START Input data

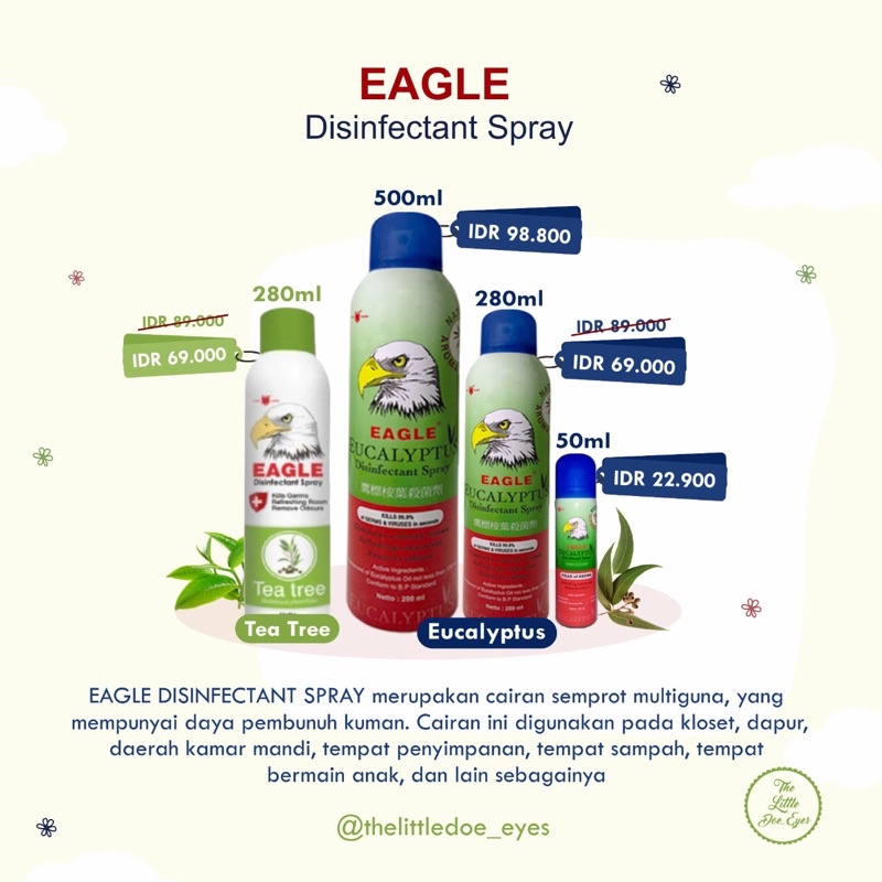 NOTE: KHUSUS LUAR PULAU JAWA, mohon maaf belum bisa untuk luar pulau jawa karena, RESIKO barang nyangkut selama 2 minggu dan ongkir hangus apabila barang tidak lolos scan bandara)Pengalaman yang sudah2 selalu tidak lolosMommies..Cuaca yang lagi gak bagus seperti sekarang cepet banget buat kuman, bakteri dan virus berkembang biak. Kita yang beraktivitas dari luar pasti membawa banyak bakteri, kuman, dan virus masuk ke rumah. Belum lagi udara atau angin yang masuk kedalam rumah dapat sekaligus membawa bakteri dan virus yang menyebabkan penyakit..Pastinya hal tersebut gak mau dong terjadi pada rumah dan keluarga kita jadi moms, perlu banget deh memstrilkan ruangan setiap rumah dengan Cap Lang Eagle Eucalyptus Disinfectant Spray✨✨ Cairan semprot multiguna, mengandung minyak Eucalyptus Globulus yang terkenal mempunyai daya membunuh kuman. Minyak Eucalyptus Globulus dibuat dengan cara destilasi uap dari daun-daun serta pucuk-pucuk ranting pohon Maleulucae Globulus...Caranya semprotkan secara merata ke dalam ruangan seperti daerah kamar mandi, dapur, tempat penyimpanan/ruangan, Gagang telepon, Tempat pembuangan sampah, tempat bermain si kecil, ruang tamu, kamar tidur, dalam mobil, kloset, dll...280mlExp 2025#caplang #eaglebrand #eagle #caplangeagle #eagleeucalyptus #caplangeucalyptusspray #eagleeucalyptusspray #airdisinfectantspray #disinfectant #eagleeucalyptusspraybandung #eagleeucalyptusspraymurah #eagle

END Input data
START Input data

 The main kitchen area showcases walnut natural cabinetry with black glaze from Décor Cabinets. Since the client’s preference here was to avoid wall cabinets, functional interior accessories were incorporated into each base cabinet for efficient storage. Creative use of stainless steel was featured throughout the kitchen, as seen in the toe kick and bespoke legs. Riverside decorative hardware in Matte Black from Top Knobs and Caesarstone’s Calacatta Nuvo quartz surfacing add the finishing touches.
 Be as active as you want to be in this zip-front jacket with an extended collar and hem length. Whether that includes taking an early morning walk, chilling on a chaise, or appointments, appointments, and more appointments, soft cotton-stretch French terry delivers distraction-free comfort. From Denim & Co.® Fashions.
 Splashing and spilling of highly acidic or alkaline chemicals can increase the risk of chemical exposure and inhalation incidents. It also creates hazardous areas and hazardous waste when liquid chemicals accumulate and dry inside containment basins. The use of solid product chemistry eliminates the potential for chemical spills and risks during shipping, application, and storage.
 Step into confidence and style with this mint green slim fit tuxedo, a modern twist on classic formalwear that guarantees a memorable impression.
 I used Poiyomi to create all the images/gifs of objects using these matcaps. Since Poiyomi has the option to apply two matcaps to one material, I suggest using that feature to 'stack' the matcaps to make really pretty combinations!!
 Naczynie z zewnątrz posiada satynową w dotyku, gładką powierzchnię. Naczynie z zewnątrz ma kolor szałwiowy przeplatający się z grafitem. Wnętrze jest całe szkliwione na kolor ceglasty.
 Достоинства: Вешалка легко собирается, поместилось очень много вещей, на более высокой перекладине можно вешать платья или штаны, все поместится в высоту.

END Input data
START Input data

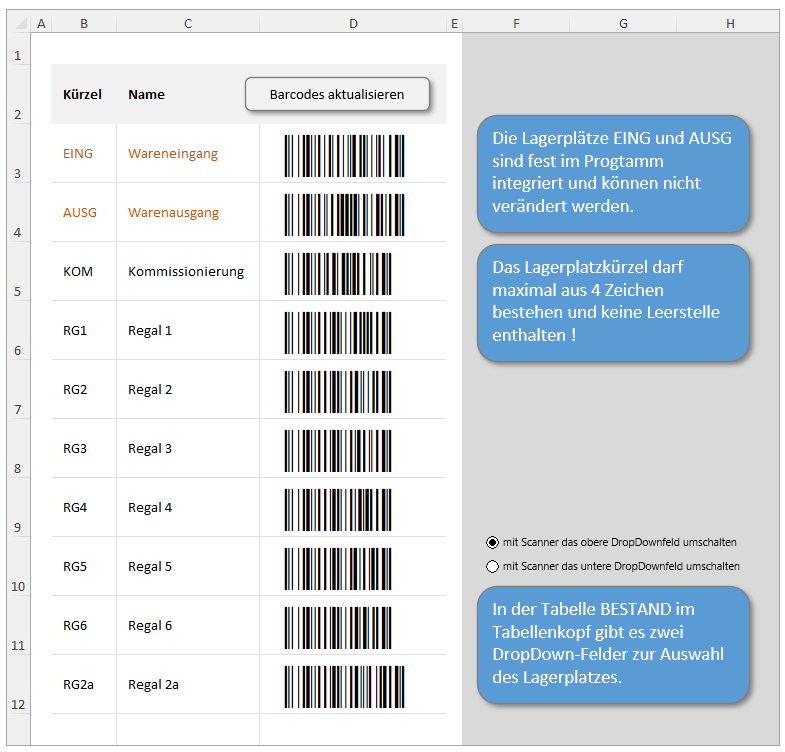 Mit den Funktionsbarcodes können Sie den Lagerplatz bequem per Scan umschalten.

END Input data

**What the exercise asks:** Where the string "this" turns up in a line of the data above, copy that whole line.

**Result:**
 Be as active as you want to be in this zip-front jacket with an extended collar and hem length. Whether that includes taking an early morning walk, chilling on a chaise, or appointments, appointments, and more appointments, soft cotton-stretch French terry delivers distraction-free comfort. From Denim & Co.® Fashions.
 Step into confidence and style with this mint green slim fit tuxedo, a modern twist on classic formalwear that guarantees a memorable impression.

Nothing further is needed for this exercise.